Copy each line of the data below in which the word "einen" can be found.

=== Given information ===
* * *

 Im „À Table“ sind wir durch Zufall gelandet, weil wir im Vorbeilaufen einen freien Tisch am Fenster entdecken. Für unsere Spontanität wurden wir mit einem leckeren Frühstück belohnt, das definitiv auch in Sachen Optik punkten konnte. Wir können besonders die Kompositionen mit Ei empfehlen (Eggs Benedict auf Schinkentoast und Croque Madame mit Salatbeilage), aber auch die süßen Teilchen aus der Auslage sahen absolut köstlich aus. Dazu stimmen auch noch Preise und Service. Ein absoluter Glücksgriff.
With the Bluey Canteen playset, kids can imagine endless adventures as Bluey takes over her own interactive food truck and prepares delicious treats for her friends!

* * *

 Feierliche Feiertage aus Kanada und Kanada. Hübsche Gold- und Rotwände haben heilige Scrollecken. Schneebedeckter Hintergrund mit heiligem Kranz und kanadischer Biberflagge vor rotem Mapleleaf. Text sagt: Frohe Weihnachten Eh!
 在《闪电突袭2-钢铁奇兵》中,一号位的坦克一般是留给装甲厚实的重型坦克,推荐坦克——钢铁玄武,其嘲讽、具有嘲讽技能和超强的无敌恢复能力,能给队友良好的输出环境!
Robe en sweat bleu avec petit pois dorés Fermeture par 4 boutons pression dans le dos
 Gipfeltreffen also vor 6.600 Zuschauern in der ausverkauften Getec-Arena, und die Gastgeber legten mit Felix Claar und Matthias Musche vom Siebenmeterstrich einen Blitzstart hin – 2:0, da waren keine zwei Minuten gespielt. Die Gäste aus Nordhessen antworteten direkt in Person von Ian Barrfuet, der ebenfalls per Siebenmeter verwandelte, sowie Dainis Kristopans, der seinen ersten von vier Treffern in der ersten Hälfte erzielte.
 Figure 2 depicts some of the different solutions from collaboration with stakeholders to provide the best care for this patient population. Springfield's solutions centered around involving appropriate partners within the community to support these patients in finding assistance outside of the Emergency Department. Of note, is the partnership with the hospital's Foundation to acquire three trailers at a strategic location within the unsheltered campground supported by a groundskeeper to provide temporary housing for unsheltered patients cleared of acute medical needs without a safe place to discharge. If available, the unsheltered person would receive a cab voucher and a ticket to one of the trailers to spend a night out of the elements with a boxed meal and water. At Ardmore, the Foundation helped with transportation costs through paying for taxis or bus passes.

* * *

=== Task result ===
 Im „À Table“ sind wir durch Zufall gelandet, weil wir im Vorbeilaufen einen freien Tisch am Fenster entdecken. Für unsere Spontanität wurden wir mit einem leckeren Frühstück belohnt, das definitiv auch in Sachen Optik punkten konnte. Wir können besonders die Kompositionen mit Ei empfehlen (Eggs Benedict auf Schinkentoast und Croque Madame mit Salatbeilage), aber auch die süßen Teilchen aus der Auslage sahen absolut köstlich aus. Dazu stimmen auch noch Preise und Service. Ein absoluter Glücksgriff.
 Gipfeltreffen also vor 6.600 Zuschauern in der ausverkauften Getec-Arena, und die Gastgeber legten mit Felix Claar und Matthias Musche vom Siebenmeterstrich einen Blitzstart hin – 2:0, da waren keine zwei Minuten gespielt. Die Gäste aus Nordhessen antworteten direkt in Person von Ian Barrfuet, der ebenfalls per Siebenmeter verwandelte, sowie Dainis Kristopans, der seinen ersten von vier Treffern in der ersten Hälfte erzielte.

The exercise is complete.